The use of debt to gain control of ever more land in the United States is almost as old as the country itself. In 1803, Thomas Jefferson endorsed usurious lending to Indigenous peoples as a colonial land-grabbing scheme. “To promote this disposition to exchange lands, which they have to spare and we want,” Jefferson wrote in a letter to future president William Henry Harrison, “we shall push our trading houses, and be glad to see the good and influential individuals among them run in debt because we observe that when these debts get beyond what the individuals can pay, they become willing to lop them off by a cession of lands.” During the Civil War, Black enslavement would be abolished in name, only to be supplanted within a decade by debt slavery in the form of sharecropping. Instead of sharing in the crop yields of the farmland they worked, landless Black laborers—many of whom were tenant farmers on the same lands where they had once been enslaved—were ensnared in a cycle of perpetual debt and poverty. Under the Black Codes, a series of oppressive laws passed throughout the South during Reconstruction, African Americans could be arrested for breaking or attempting to renegotiate labor contracts and saddled with fines they were forced to work off. Attempts to escape debt servitude were met with white terror violence. Black sharecroppers involved in unionizing efforts and other acts of dissent were massacred in 1919 in Elaine, Ark.; in 1931 in Camp Hill, Ala.; and in 1935 in Lowndes County, Ala.

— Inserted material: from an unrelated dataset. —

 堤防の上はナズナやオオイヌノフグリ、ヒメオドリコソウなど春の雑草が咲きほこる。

The government’s reversal on its promise to give millions of newly emancipated Black folks 40 acres and a mule stood in contrast to its land-giveaway policies for white citizens. The Homestead Act of 1862 took some 270 million acres of territory that had been taken from Native Americans—10 percent of all US public lands—and reallocated it in 160-acre parcels to 1.6 million Americans, almost all native or foreign-born whites, the ancestors of roughly 45 million living American adults who continue to reap generational wealth from that land grab. The Southern Homestead Act of 1866 also put free and low-cost public lands into the hands of an overwhelmingly white cohort of owners. Despite being denied these sorts of government handouts, emancipated Black farmers had acquired 3 million acres by 1875, a figure that would rise to 12 million by 1900. Land ownership by Black farmers reached its peak in 1910, when they owned between 15 million and 19 million acres.

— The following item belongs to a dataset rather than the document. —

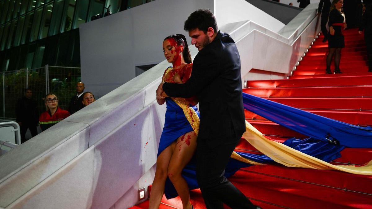 At the Cannes Film Festival, a brave young lady dressed in the colors of Ukraine doused herself in fake blood. She did it on the red carpet before the screening of the Russian film "Acid". The security service quickly ran up to her and rushed her away. 🇺🇦💙💛… pic.twitter.com/rqx2CNlJ0N

In the 20th century, mechanization and industrialization transformed farms from “labor-intensive to capital-intensive operations,” as the historian Pete Daniel writes. Debt became endemic, with farmers borrowing money during planting season and recouping the funds when crops were harvested and sold. “If you don’t get your money on time, then you’re not going to be able to be successful,” Lucious Abrams, one of the six original Pigford litigants, told me. “In order for you to have a successful crop, you need to start the first of the year putting out your lye and fertilizer, preparing your land, and seeing what type of nutrients you need to put out there. If you get your money in May or June, it’s almost time to start gathering your crop again.” For Abrams, the USDA’s loan disbursements often didn’t come in time: “They just stretch it out, and you don’t get your money till late. You don’t get enough money to operate—just enough to hang yourself.”
Abrams’s experience was not unique. As the House Committee on Government Operations concluded in a 1990 report, the USDA “categorically and systematically denied minority farmers access and full participation in the multitude of Federal Government programs designed to assist them” and therefore is “directly responsible for the loss of land and resources these farmers have experienced.”
A 1996 USDA-commissioned study found that “97 percent of disaster payments went to white farmers, while less than 1 percent went to black farmers,” and that white men were given thousands more in loan packages than Black men. The agency’s Civil Rights Action Team (CRAT) in 1997 determined that the USDA “took three times as long” to process Black farmers’ loans as those of white farmers, and even when a loan was approved, it often “never arrives…making it impossible for the farmer to earn any money from the farm.”
The CRAT study also found that Black farmers who appealed “well in advance of planting season” to their local FSA office for loans were often falsely informed that no applications were available or were denied critical information required for the application to be processed. In 1998, the USDA’s National Commission on Small Farms reported that Black farmers were subjected to “indifference and blatant discrimination…in their interactions with USDA programs and staff.”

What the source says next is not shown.